In the eastern and northern rural parts of Aleppo, a group of women have created a gathering which seeks women empowerment at an intellectual, cultural and economic level.
Under the title “Sahabat Watan” (A Homeland’s Cloud), the women gathering have conducted their union’s founding conference on September 11 in the village of Dabiq, the north-eastern countryside of Aleppo.
The event was attended by 115 women, some of whom are originally from the area, in addition to the ones displaced from other areas.
Thuraya al-Hadi, the director of the assembly, told Enab Baladi that it aims to change the reality of women in the Syrian society and advancing their active role in its revival.
The gathering will offer the targeted women vocational courses as to empower them in different fields, on top of which are sewing and hairdressing, in addition to other professions.
Thuraya spoke of the importance of organizations vocational training courses for Syrian women, starting from the idea that women have became breadwinners after they lost either a husband, a father or a son.
As a woman rights’ activist, she calls for the formation of similar assemblies and starting vocational projects that support their social role.
“The union will focus on social, educational and cultural activities, away from politics and militarization,” she added.
Ethnic and Area-Related Diversity
According to its director, the “Sahabat Watan” project is distinct for incubating women from the different social segments in the northern and eastern rural Aleppo; Arab, Kurdish and Turkmens chose to be part of the project, in addition to women from Idlib, Aleppo, Homs and Eastern Ghouta, which, as she put it, ensure that the voice of the Syrian women is heard in a greater manner.
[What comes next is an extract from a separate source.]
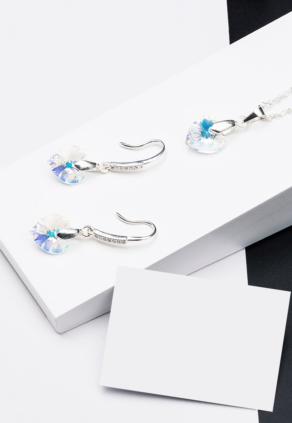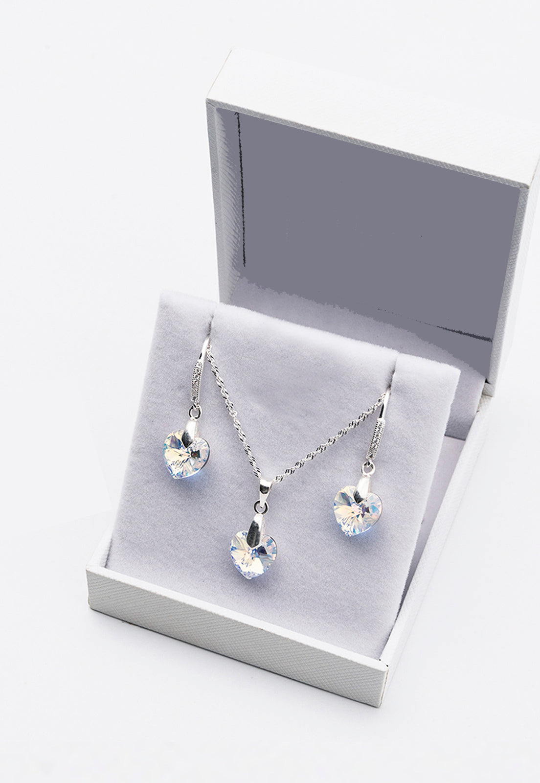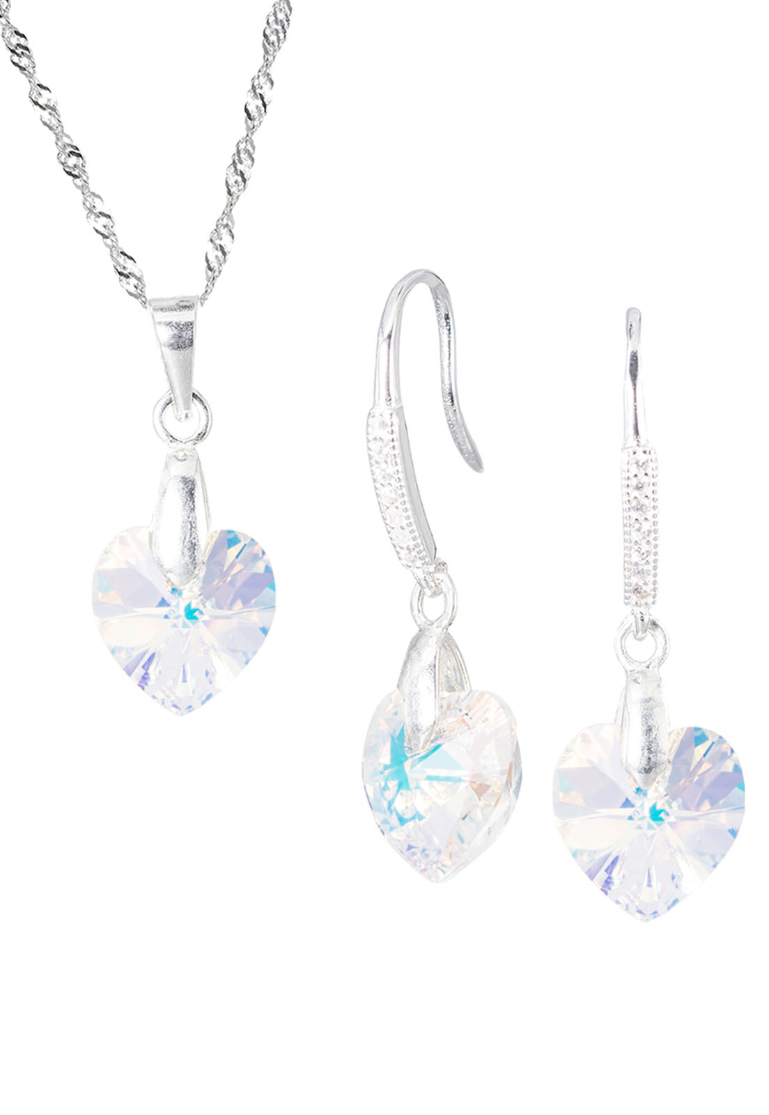 Conjunto de Plata Italiana 925 con colgante, cadena de 45 cm y aros con gancho.

For her turn, Fatima al-Hassan, the union’s spokeswomen, said that the founding conference focused on the necessity of allowing the women the freedom needed for them as to prove their active social role, telling Enab Baladi that the conference’s attendees pointed out to several problems and difficulties and demanded their right to education, qualification and work.
The number of widows in Syria is on the rise as a result of the war’s death toll, which put women face to face with many challenges, the most prominent of which is the need to fend for their children and families, which made them more liable to exploitation at the labor market that utilizes their energy for cheap wages.
The civil society organizations active in Northern Syria are seeking to organize many projects that target the rehabilitation of women both educationally and vocationally as to prepare them to be part of the developmental process and to sharpen their skills in a manner that equip them to get involved in the labor market, as well as generating economic opportunities that guarantee them a source of income.
The city of Maarrat al-Nu’man, Idlib governorate, hosted the founding conference of the “Syrian Women Gathering” in May 2017, in an attempt at bringing together the women-related organizations functioning in Northern Syria and unifying their efforts in the field of women support.
The conference then set a mechanism for an on-ground start, which was the need to move away from organizational representation of women alone, “for today we need to represent the whole society and to form an image of it,” according the “Syrian Women Gathering” ‘s conference’s statement.